Смотрю я на здешних детей, так ажно жалко! Не понимают они нашей русской елочки. Хороша была! Особливо ежели в деревне.
Помню, жила я у помещиков, у Еремеевых. Барин там особенный был. Образованный, сердитый. И любил, чтобы непременно самому к елке картонажи клеить. Бывало, еще месяца за полтора с барыней ссориться начинает. Та говорит: выпишем из Москвы — и хлопот никаких. И — и ни за что! И слушать не хочет. Накупит золотых бумажек, проволоки, все барынины картонки раздерет, запрется в кабинете и давай клей варить. Вонища от этого клея самая гнилая. У барыни мигрень, у сестрицы евоной под сердце подкатывает.
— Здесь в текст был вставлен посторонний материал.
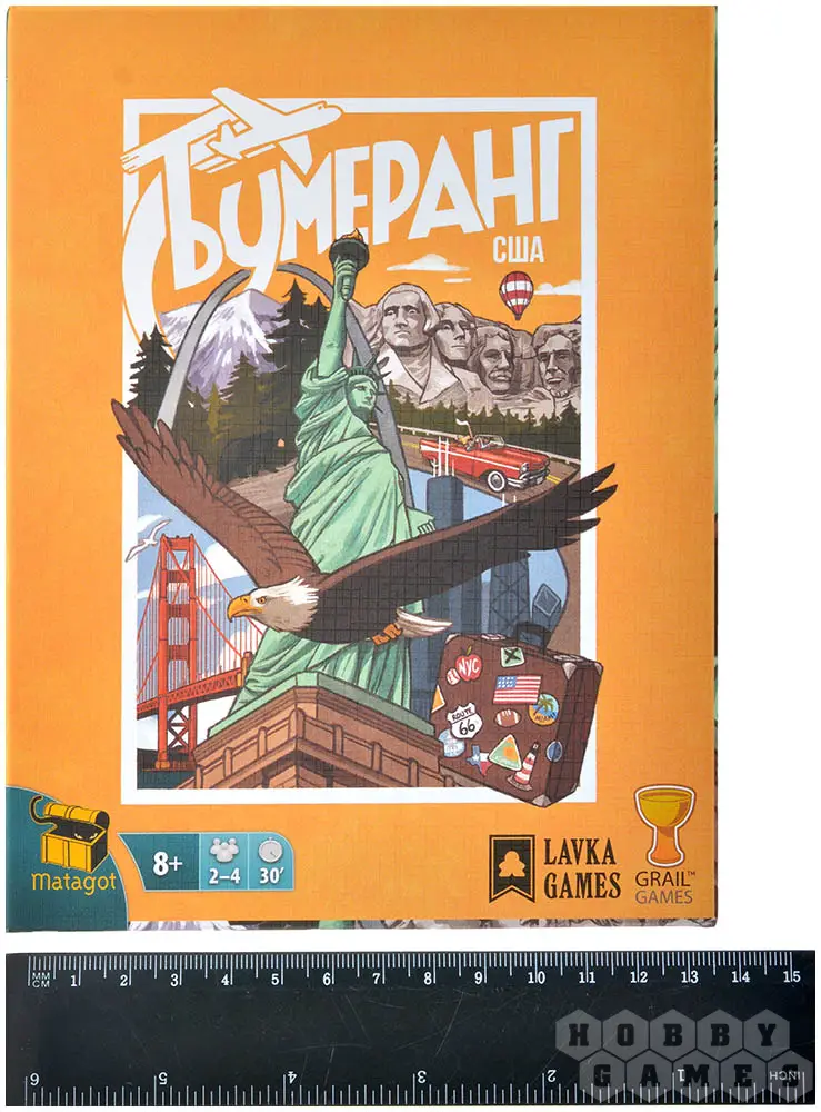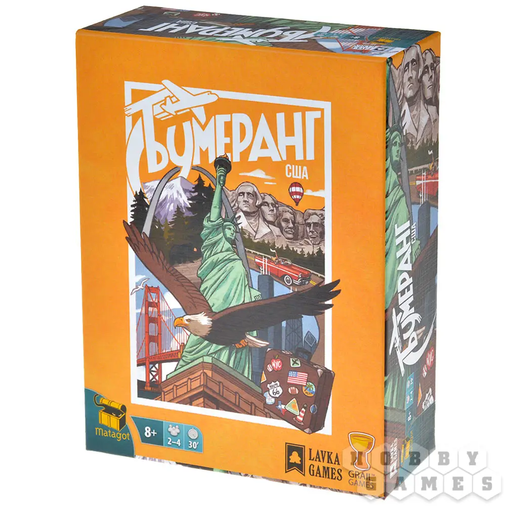 В настольной игре "Бумеранг: США" вам предстоит отправиться в Америку! Посетите каждый штат, полюбуйтесь местными достопримечательностями, посетите различные мероприятия и запечатлейте свои приключения!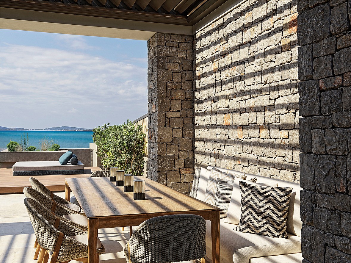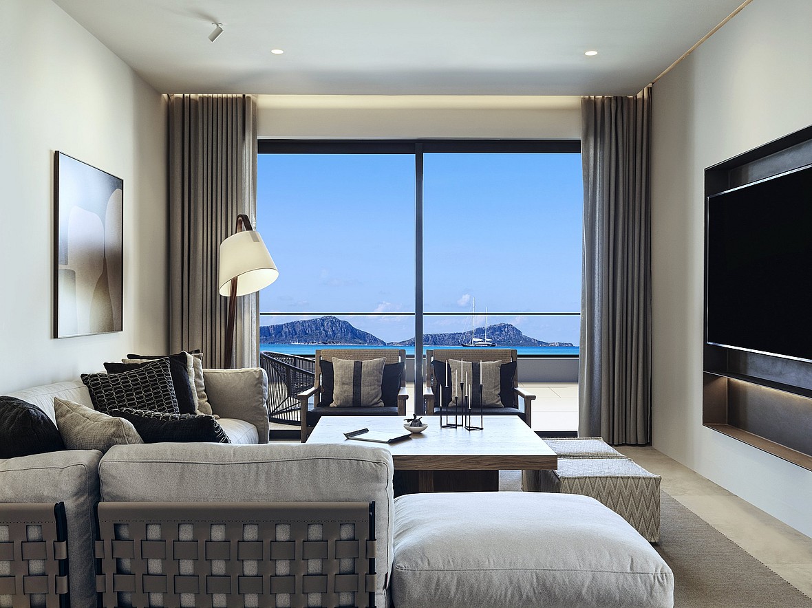 All guestroom, suite and villa interiors are designed to “celebrate the heritage of Greek artisans with a palette of neutral tones [and] occasional with pops of color,” along with “modern yet refined interpretations of traditional craftsmanship,” can be seen in the lighting, flooring,” numerous referenced to time-honored Greek basket weavers, and even leather chairs that “offer a contemporary interpretation of regional saddle-makers’ art.”
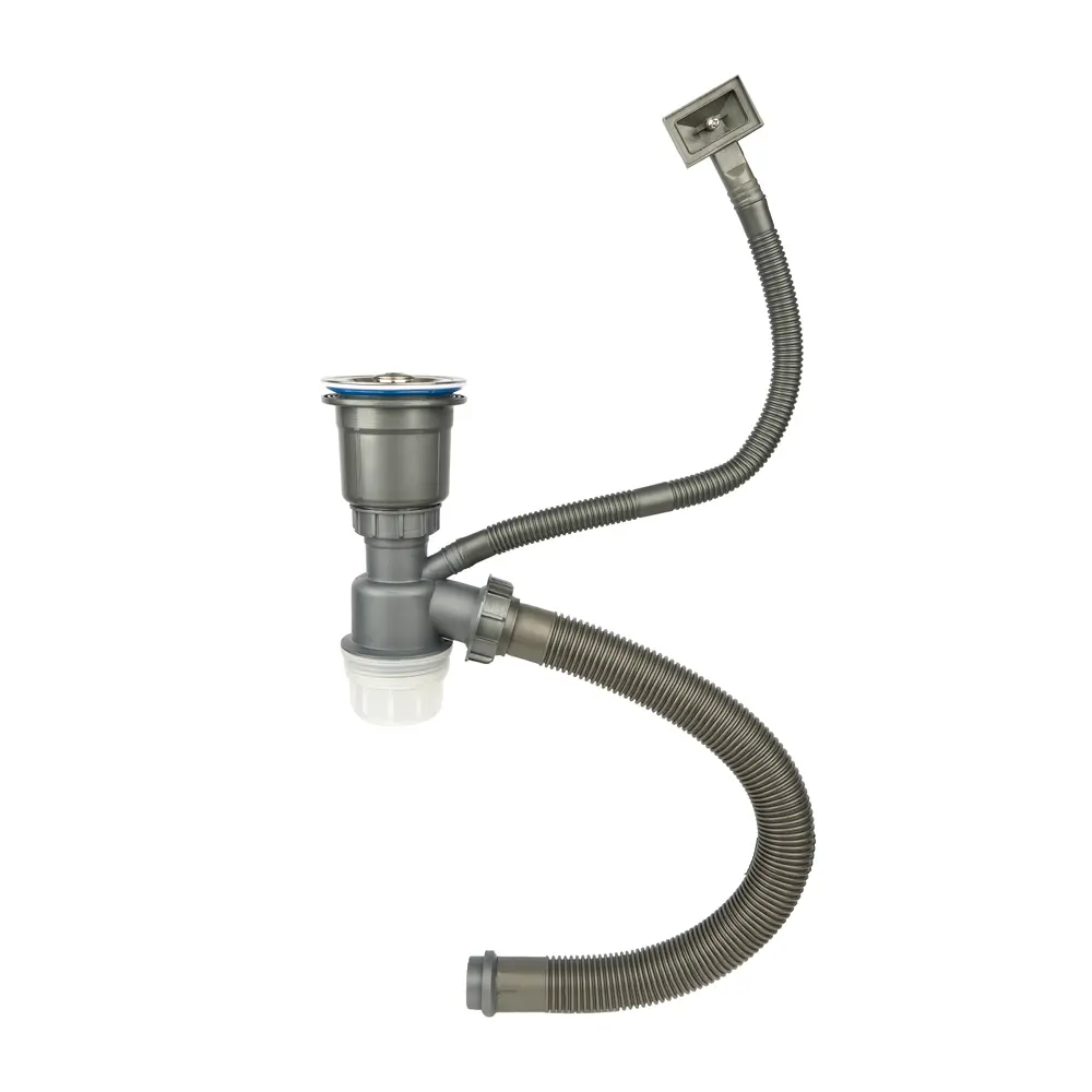 Для зручності вилучення сміття з сітки зливу, сифон оснащений спеціальною кошиком для сміття.Кошик повністю збирає всі відходи при митті посуду і легко виймається для чищення.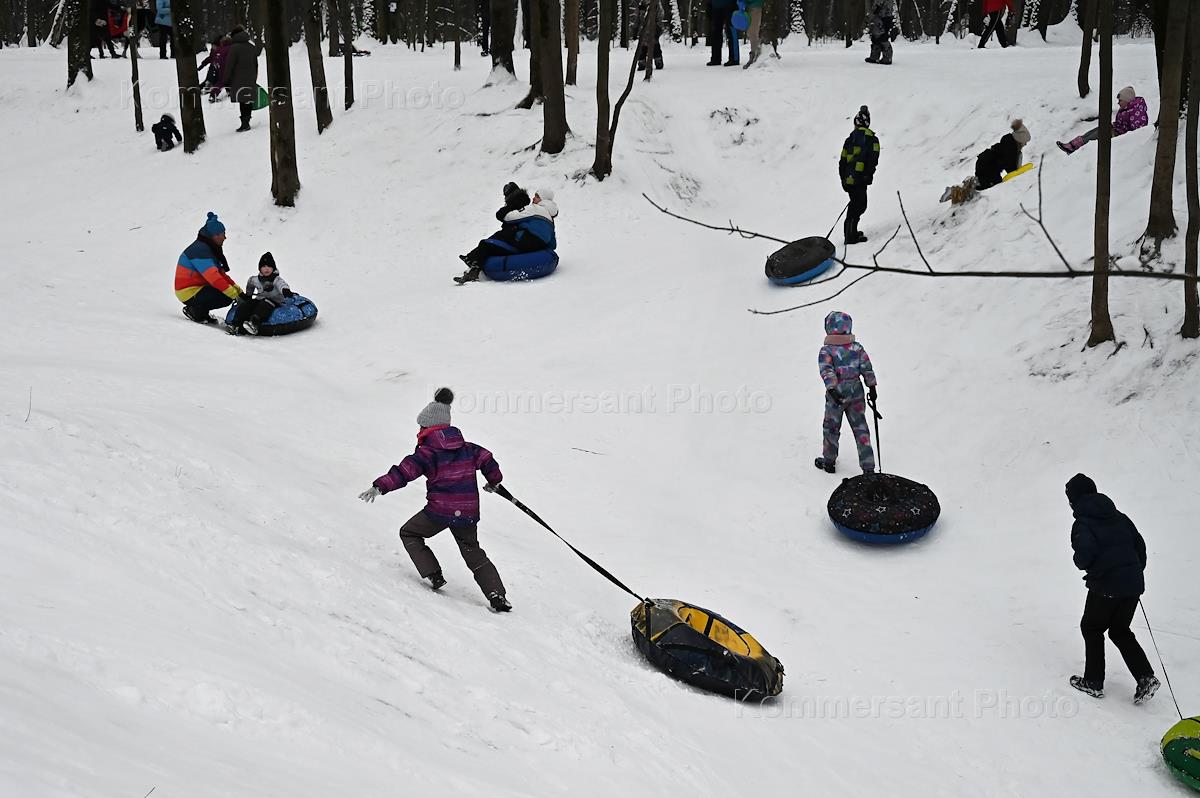 Виды Москвы. Жанровая фотография. Отдыхающие в парке Покровское-Стрешнево катаются с горы на тюбингах.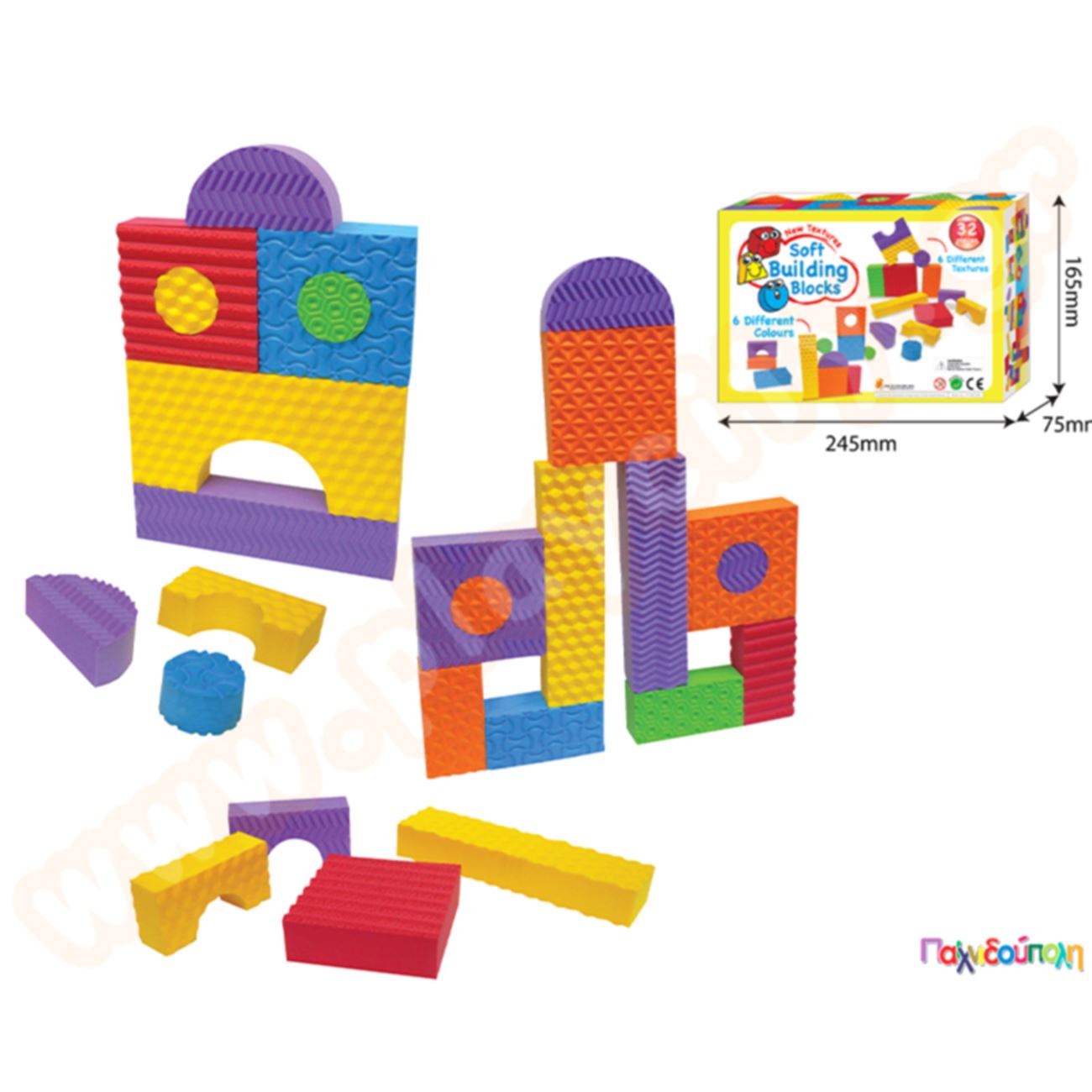 Αφρώδη γεωμετρικά στερεά-τουβλάκια με διαφορετική υφή 32 τεμάχια

Кота и того мутило. А он знай варит да варит. Да так без малого неделю. Злющий делается, что пес на цепи. Ни тебе вовремя не поест, ни спать не ляжет. Выскочит, облает кого ни попадись и — опять к себе клеить. С лица весь черный, бородища в клею, руки в золоте. И главное, требовал, чтобы дети ничего не знали: хотел, чтобы сюрприз был. Ну, а дети, конечно, помнят, что на Рождество елка бывает, ну и, конечно, спрашивают. Скажешь «нет» — ревут. Скажешь «да» — барин выскочит, и тогда уж прямо святых выноси.